• WHAT YOU HAVE TO DO
Output every line of the material exactly, omitting images.

• INFORMATION SUPPLIED
────────────────

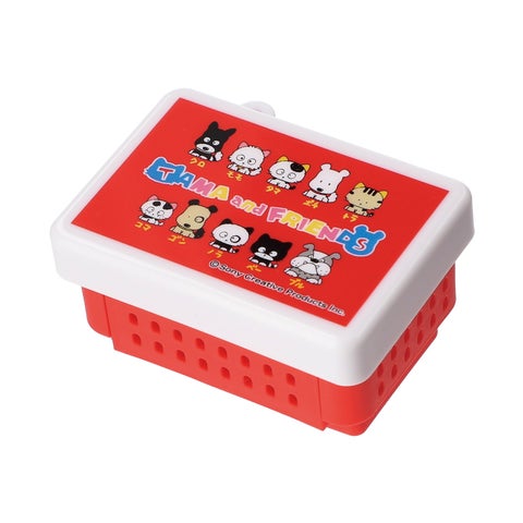 「タマ&フレンズ ミニランチBOXキーホルダー」は、食べ終わった後に折りたたんで持ち帰れるランチBOXをミニチュア化したキーホルダーです。ランチBOXの蓋には、タマと3丁目の仲間たちが公園で遊ぶ様子や、おもちゃで遊ぶタマとポチなどのデザインが施されています。
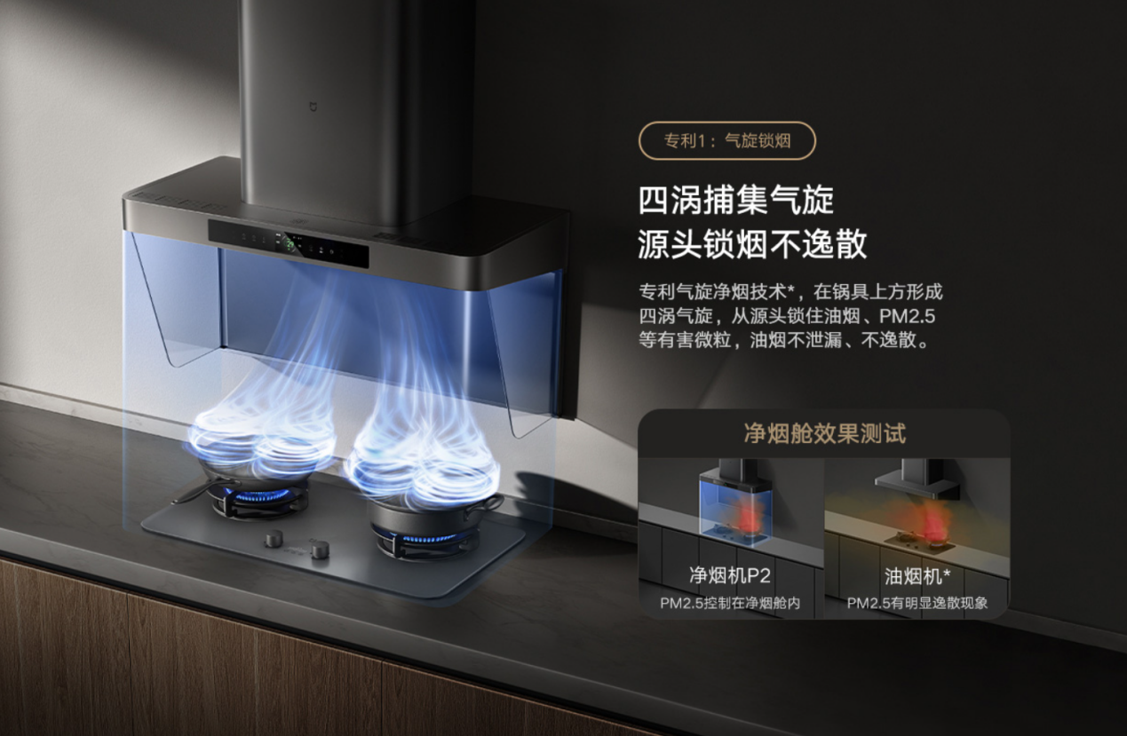 国内的米家智能净烟机 P2 也搭载了此核心技术——动态微粒捕集技术(IQV),根本实现了从被动吸附到主动控制气流轨迹的本质突破。
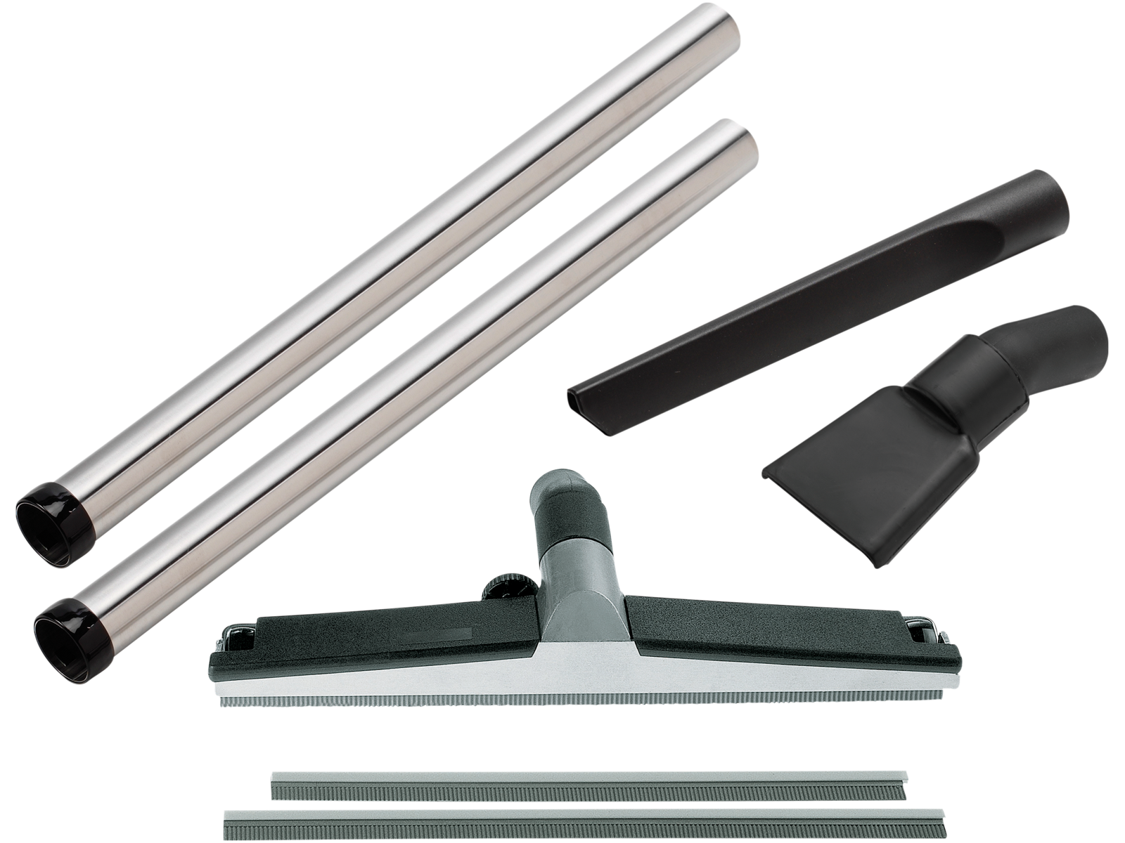 Håndværks- og industrisæt til støvsuger. Sættet består af 5 dele (ø36 mm): 2 × 500 mm forlængerrør i rustfrit stål, 300 mm fugemundstykke i plast, 450 mm gulvmundstykke i aluminium til tørsugning, ekstra gummilæber til vådsugning (sæt á 2 stk.) og 100 mm fladt gummifugemundstykke (olie- og varmeresistent).

────────────────

• SOLUTION
 「タマ&フレンズ ミニランチBOXキーホルダー」は、食べ終わった後に折りたたんで持ち帰れるランチBOXをミニチュア化したキーホルダーです。ランチBOXの蓋には、タマと3丁目の仲間たちが公園で遊ぶ様子や、おもちゃで遊ぶタマとポチなどのデザインが施されています。
 国内的米家智能净烟机 P2 也搭载了此核心技术——动态微粒捕集技术(IQV),根本实现了从被动吸附到主动控制气流轨迹的本质突破。
 Håndværks- og industrisæt til støvsuger. Sættet består af 5 dele (ø36 mm): 2 × 500 mm forlængerrør i rustfrit stål, 300 mm fugemundstykke i plast, 450 mm gulvmundstykke i aluminium til tørsugning, ekstra gummilæber til vådsugning (sæt á 2 stk.) og 100 mm fladt gummifugemundstykke (olie- og varmeresistent).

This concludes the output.